**Source material**
◇ ◇ ◇

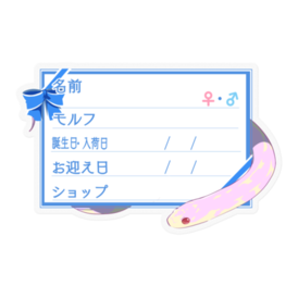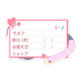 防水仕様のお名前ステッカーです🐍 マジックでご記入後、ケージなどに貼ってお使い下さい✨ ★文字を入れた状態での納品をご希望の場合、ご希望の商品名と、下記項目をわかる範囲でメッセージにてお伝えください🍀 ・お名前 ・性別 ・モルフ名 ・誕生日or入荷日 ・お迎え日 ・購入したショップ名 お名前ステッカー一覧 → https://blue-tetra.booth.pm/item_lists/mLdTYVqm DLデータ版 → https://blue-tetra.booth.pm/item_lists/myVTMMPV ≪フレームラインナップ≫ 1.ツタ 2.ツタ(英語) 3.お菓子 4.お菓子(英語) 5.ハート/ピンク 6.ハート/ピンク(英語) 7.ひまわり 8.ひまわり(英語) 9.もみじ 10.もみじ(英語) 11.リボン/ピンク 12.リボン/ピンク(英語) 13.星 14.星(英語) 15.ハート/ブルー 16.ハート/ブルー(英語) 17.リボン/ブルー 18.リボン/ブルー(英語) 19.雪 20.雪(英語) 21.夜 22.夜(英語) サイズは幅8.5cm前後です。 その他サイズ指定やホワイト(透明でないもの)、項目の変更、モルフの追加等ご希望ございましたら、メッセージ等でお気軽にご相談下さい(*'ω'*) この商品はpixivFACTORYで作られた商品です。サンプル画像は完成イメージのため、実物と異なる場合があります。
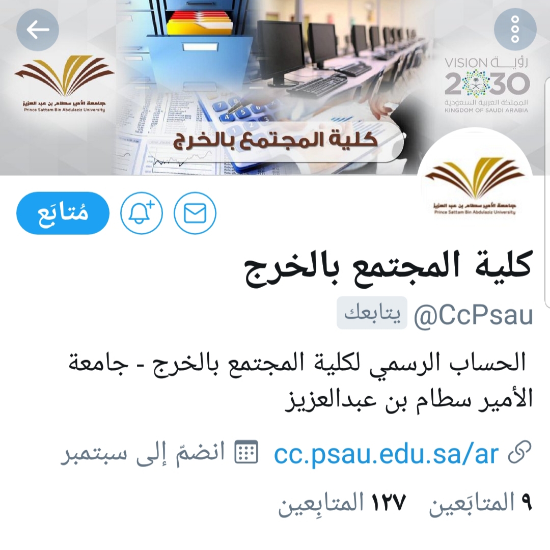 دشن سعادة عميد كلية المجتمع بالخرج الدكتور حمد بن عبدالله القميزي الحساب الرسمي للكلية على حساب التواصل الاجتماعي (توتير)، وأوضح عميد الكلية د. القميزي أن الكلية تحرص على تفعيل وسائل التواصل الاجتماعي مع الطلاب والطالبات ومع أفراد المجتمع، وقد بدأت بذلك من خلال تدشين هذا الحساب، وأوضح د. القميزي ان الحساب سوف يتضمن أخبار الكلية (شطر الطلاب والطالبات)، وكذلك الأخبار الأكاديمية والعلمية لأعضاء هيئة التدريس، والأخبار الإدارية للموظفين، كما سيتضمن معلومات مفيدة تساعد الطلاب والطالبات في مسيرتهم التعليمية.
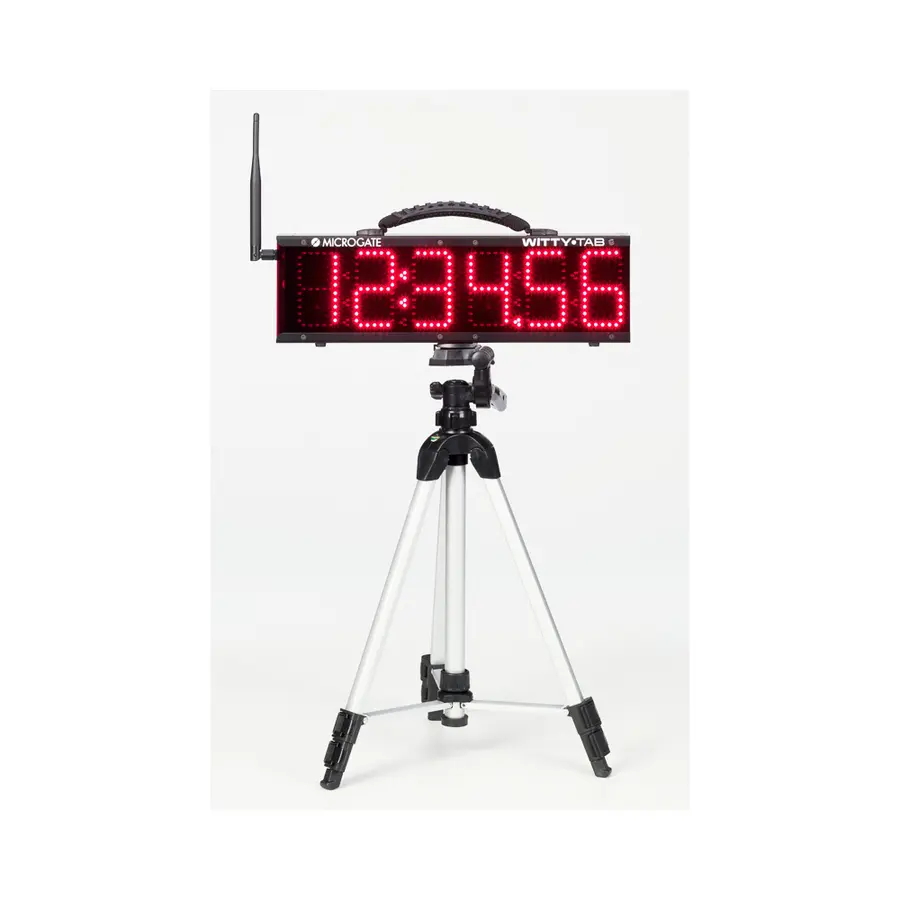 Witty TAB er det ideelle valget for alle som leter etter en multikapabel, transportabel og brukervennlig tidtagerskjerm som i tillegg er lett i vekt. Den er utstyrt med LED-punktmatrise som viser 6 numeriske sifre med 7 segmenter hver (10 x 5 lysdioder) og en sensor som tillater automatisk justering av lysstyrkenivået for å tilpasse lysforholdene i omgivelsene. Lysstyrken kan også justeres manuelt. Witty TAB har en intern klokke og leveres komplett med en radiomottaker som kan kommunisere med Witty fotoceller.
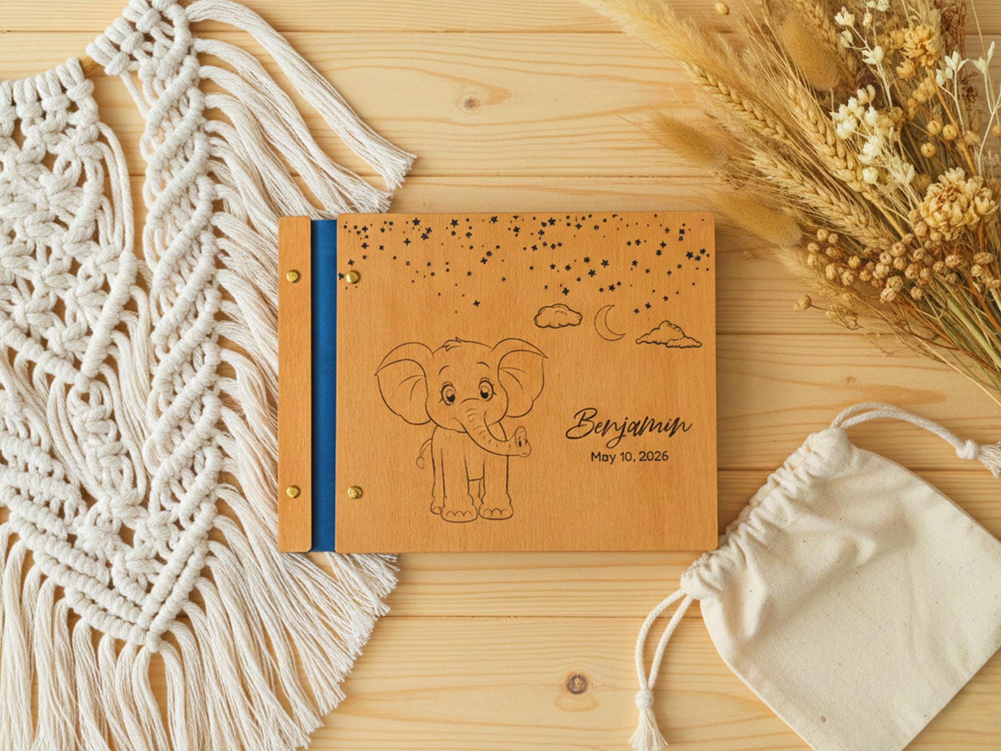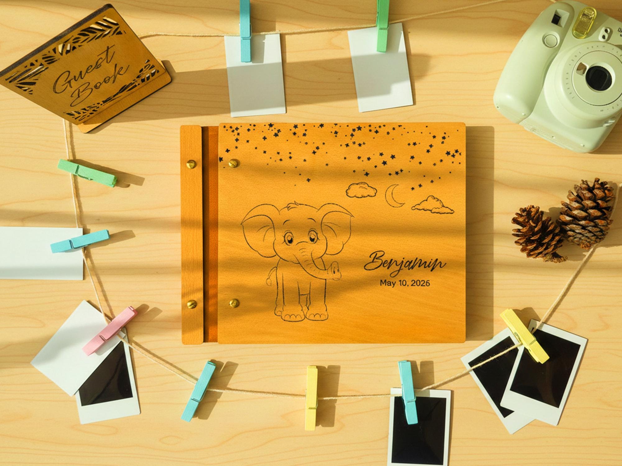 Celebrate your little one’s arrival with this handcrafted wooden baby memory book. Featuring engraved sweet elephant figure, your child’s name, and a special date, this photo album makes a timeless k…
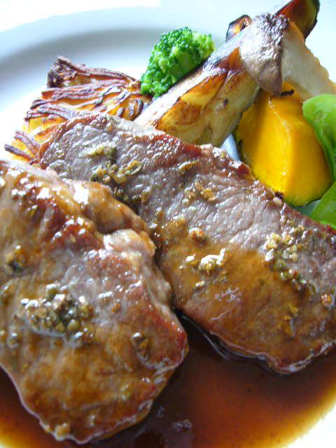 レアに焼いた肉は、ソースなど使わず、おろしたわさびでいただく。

◇ ◇ ◇

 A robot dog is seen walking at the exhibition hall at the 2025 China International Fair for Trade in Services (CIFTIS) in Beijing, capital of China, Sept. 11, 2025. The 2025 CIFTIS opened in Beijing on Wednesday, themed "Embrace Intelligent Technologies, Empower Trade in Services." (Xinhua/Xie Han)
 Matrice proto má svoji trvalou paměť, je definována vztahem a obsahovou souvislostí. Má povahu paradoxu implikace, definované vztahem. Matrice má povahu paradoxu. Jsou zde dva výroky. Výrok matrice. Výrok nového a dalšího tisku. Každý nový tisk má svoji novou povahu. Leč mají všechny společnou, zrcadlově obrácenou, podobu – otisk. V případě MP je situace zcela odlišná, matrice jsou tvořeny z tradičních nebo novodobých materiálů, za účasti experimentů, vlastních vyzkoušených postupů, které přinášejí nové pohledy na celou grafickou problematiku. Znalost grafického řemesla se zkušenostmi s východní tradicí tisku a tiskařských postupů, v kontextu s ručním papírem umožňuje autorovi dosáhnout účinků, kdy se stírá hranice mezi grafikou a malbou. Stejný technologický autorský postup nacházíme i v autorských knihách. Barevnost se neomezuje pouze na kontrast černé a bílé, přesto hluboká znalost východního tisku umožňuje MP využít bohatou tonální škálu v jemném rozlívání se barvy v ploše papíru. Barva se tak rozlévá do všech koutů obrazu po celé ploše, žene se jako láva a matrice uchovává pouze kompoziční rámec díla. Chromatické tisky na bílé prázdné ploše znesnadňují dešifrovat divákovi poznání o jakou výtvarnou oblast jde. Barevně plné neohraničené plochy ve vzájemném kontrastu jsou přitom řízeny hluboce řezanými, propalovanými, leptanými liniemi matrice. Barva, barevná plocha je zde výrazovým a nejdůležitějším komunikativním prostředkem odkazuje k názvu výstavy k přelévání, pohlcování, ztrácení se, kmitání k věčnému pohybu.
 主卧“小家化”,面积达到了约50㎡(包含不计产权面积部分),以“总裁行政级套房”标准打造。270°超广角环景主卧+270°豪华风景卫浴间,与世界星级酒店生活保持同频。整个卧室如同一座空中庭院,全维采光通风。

◇ ◇ ◇

**Activity**
Copy the lines above exactly, starting with the line that contains "Celebrate your little" and ending with the line that contains "レアに焼いた肉は、ソースなど使わず、おろしたわさびでいただく。", and leave out any pictures.

**Solution**
 Celebrate your little one’s arrival with this handcrafted wooden baby memory book. Featuring engraved sweet elephant figure, your child’s name, and a special date, this photo album makes a timeless k…
 レアに焼いた肉は、ソースなど使わず、おろしたわさびでいただく。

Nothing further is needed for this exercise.